***** Entries supplied *****

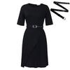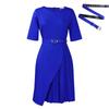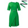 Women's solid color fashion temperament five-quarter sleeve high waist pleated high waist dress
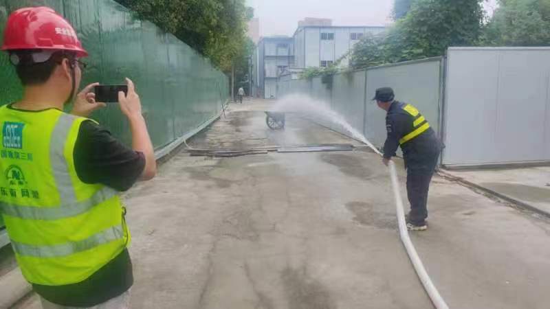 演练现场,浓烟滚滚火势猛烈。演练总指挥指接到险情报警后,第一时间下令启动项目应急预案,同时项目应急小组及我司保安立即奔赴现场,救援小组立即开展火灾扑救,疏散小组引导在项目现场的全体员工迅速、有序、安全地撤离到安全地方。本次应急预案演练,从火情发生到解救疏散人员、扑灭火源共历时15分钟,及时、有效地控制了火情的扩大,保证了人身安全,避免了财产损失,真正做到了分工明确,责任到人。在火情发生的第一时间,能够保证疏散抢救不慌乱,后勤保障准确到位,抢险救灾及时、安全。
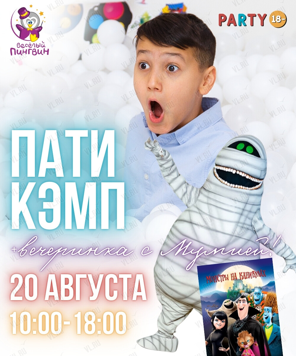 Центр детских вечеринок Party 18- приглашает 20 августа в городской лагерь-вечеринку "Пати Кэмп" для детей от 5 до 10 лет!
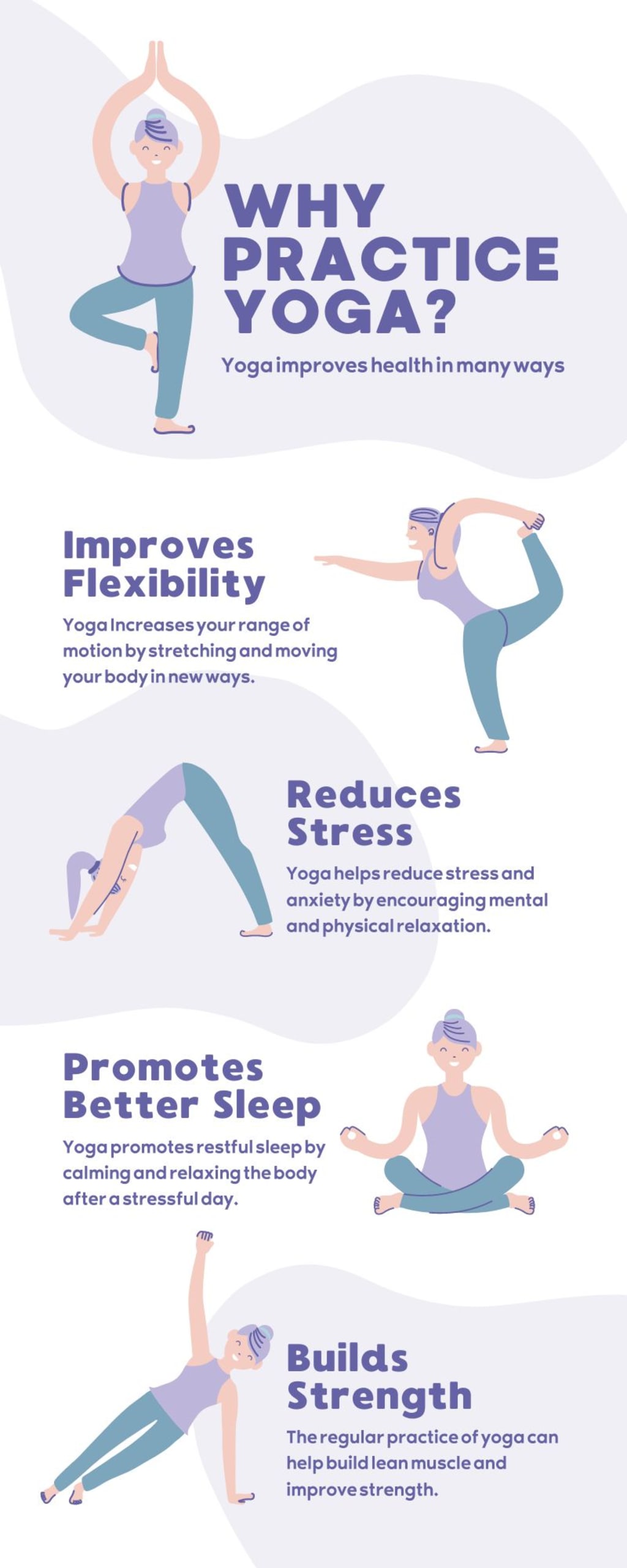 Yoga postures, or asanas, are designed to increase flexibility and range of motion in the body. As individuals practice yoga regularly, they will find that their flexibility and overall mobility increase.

*****
***** Entries supplied *****

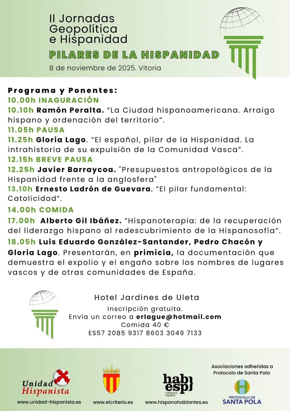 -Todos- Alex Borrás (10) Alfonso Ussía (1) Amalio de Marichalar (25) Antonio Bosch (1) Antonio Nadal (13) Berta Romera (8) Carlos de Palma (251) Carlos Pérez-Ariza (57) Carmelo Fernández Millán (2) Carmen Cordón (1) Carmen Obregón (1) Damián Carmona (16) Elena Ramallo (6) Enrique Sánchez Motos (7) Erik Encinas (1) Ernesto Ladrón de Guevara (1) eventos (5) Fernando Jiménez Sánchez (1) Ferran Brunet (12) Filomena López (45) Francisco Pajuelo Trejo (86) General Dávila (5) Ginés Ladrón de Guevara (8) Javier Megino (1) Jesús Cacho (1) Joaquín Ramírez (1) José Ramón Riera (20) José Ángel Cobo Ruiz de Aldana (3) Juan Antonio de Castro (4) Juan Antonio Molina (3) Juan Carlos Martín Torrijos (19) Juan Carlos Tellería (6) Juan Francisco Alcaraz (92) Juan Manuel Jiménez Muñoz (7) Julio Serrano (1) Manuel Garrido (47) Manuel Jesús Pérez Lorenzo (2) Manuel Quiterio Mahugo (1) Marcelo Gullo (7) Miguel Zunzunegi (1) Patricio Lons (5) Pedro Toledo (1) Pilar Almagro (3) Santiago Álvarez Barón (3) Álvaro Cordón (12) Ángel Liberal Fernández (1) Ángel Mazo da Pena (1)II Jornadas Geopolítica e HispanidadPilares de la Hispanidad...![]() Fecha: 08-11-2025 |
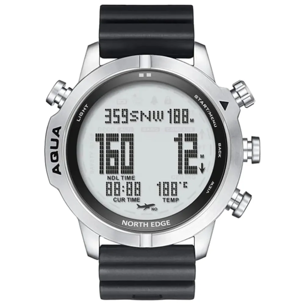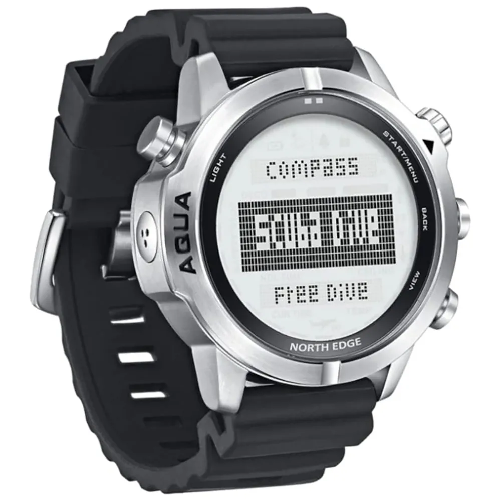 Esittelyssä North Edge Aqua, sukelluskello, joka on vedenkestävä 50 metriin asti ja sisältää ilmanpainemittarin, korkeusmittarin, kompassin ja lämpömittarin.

*****
***** Entries supplied *****

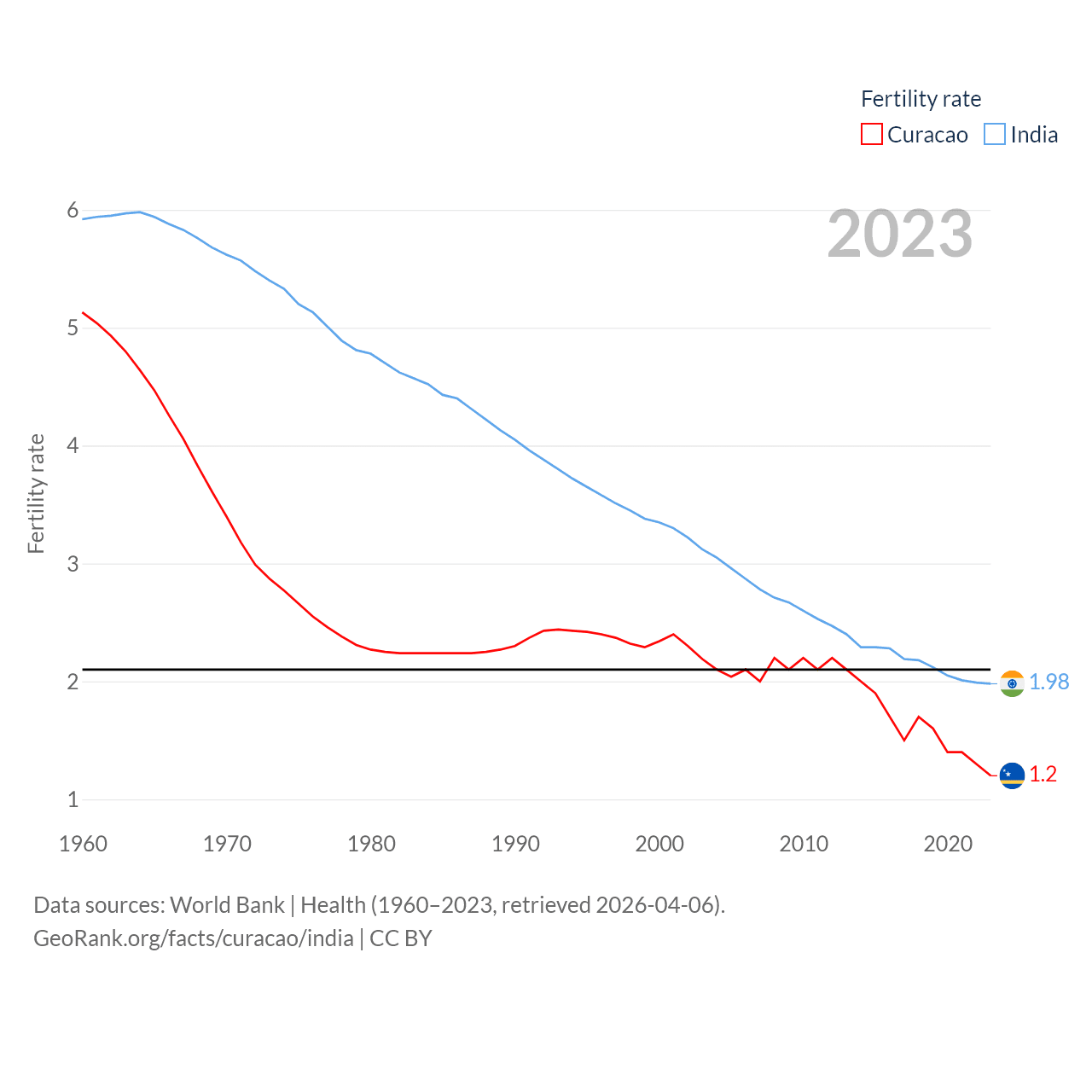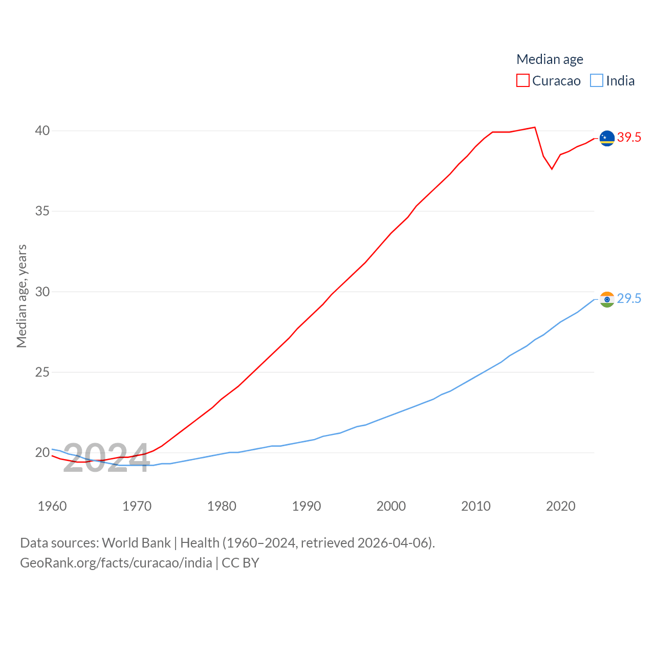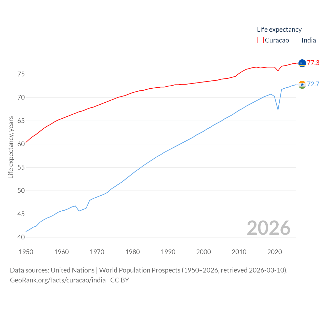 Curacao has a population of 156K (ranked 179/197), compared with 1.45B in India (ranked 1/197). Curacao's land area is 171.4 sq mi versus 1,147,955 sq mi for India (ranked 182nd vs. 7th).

*****

Give back the exact lines above, running from the one that has "Women's solid color" through the one that has "Yoga postures, or", with nothing added and no pictures.

 Women's solid color fashion temperament five-quarter sleeve high waist pleated high waist dress
 演练现场,浓烟滚滚火势猛烈。演练总指挥指接到险情报警后,第一时间下令启动项目应急预案,同时项目应急小组及我司保安立即奔赴现场,救援小组立即开展火灾扑救,疏散小组引导在项目现场的全体员工迅速、有序、安全地撤离到安全地方。本次应急预案演练,从火情发生到解救疏散人员、扑灭火源共历时15分钟,及时、有效地控制了火情的扩大,保证了人身安全,避免了财产损失,真正做到了分工明确,责任到人。在火情发生的第一时间,能够保证疏散抢救不慌乱,后勤保障准确到位,抢险救灾及时、安全。
 Центр детских вечеринок Party 18- приглашает 20 августа в городской лагерь-вечеринку "Пати Кэмп" для детей от 5 до 10 лет!
 Yoga postures, or asanas, are designed to increase flexibility and range of motion in the body. As individuals practice yoga regularly, they will find that their flexibility and overall mobility increase.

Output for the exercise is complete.